На лице Лены, кроме безразличия и скуки, Бернхард иногда замечал недоумение. Он догадывался, что она не понимала, зачем какому-то заштатному немцу российская история. Её взгляд часто говорил ему: какого чёрта ты суёшь свой нос в каждую дырку. Почему задаёшь какие-то глупые вопросы экскурсоводам, если в русском ни бельмеса, а те ни слова по-немецки… Нарочито вяло тащилась к ним, переводила лениво и невнятно.

Он же старался быть с ней вежливым, предупредительным: поддерживал под локоток, одобрял взглядом, в ресторанах отодвигал для неё стул. А она? Локоток выдёргивала, на взгляд не отвечала и делала вид, что не понимает, когда он настойчиво просил на обед то пигус, то взвар.

“Нет, должность betreuer не по ней. Дело сопровождающей обеспечить мне наибольший комфорт, а она… только мешает.”

Бернхард замечал, что Лена, показывая местным экскурсоводам на него то взглядом, то кивком головы, посмеивалась над ним, а те поглядывали на неё с явным сочувствием. Но он терпел… Увы, сбежать от неё не представлялось возможным.

Как-то, заметив приближающегося к колокольне звонаря, Бернхард припустил за ним и уже стал подниматься по крутой деревянной лестнице, как вдруг Лена, распахнув настежь аккуратно прикрытую им дверь, ворвалась, схватила за рукав и стянула вниз.

– Да, что же это такое?
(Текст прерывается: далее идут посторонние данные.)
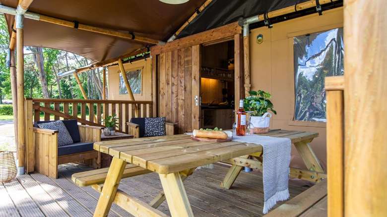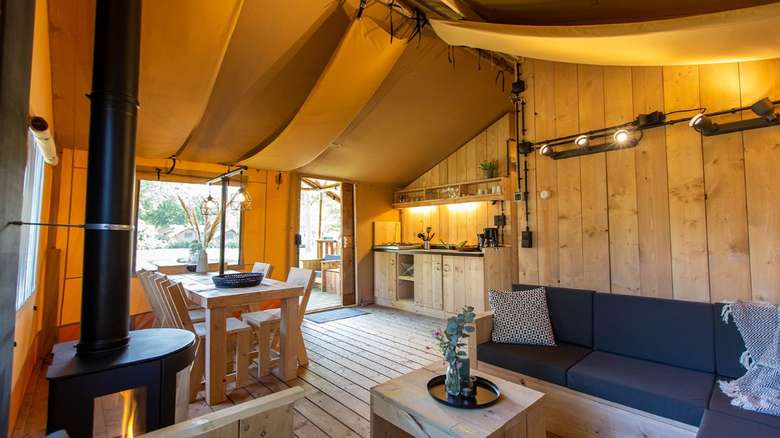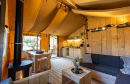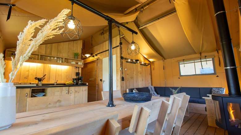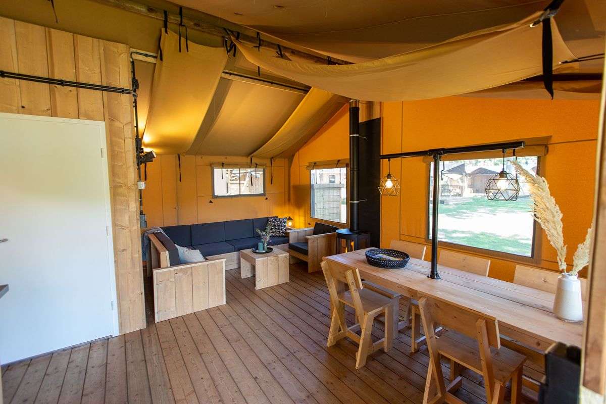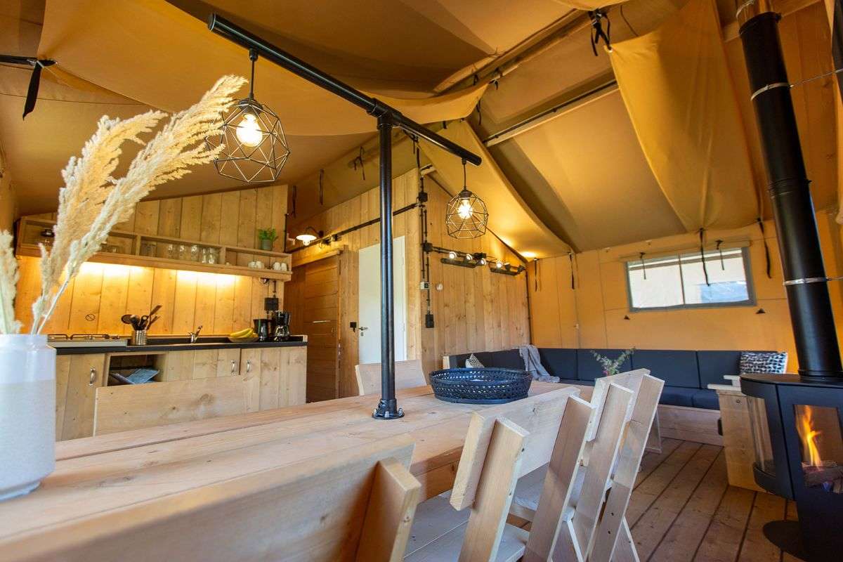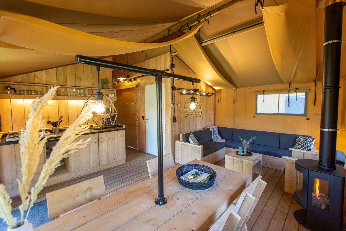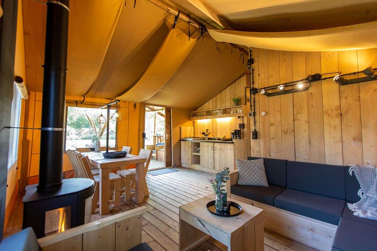 De Lodgetenten hebben een houten veranda met luifel. Op de loungestoelen of aan de picknickbank geniet je van het fijne buitenleven. Ook heeft deze Luxe Thermotent een gezellige sfeerhaard.

Что ты мне житья не даёшь? Отстань от меня! – хотелось закричать ему во всю глотку.

Но промолчал.

Лена же процедила сквозь зубы:

-Ich bin fur Ihre Sicherheit verantwortlich.

А скольких трудов ему стоило уговорить реставраторов, жестами показывая на своды в храме, чтобы взяли его с собой на леса, и опять тоже:

– Я отвечаю за вашу безопасность.

“Неужели она и на Соловках будет опекать меня как нянька?”– волновался Бернхард, не сводя глаз с мелькавших за окном пейзажей, то величественных, то убогих…

Их поселили в новом гостевом доме на Торфяном озере. Номера оказались друг против друга. Ему выделили номер большой светлый, окнами на восток, ей комнатушку с видом на ельник.  Бернхард с охотой парился в русской бане и нагишом нырял вместе с норвежцами в кажущуюся маслянисто-бурой, но удивительно чистую и прозрачную воду. Норвежцы рыбками повисали в воздухе и разрезали поверхность озера лёгким всплеском. Немец плюхался так, что вода выходила из берегов. Он досадовал на себя, сожалел о своей тучности, но радовался, что научился плавать в юности, посещая некоторое время тесный городской бассейн.

Лена негодовала и скрипела зубами.

Бернхард рвался всё увидеть, сфотографировать и запомнить. В музее ГУЛАГа, уже после экскурсии, умолил экскурсовода открыть стеклянную витрину и достать для него редкую книгу.  Рассматривая фотографии, он внимательно всматривался в чужие лица чужой жизни. Заглянув через его плечо, Лена бросила: “ Зачем тебе это надо?” И в сторону: “Немец, перец…”.

Бернхард вдруг почувствовал себя виноватым, как бывало уже не раз в этой поездке, и потому остаток дня и вечер не только не открывал рта, но выглядел старым, больным, угрюмым…

С утра всё пошло по плану: экскурсии, богослужения, вечером кресторезная мастерская.

Лена валилась с ног, он просил её остаться в номере, отдохнуть, она не соглашалась.

– Пойми, я за тебя отвечаю, – твердила она.

Она перестала подкрашивать глаза, а волосы, ставшие ломкими, похожими на перья, прятала под косынкой, которую повязывала так, чтобы защитить лоб, уши и шею от изводящих её комаров…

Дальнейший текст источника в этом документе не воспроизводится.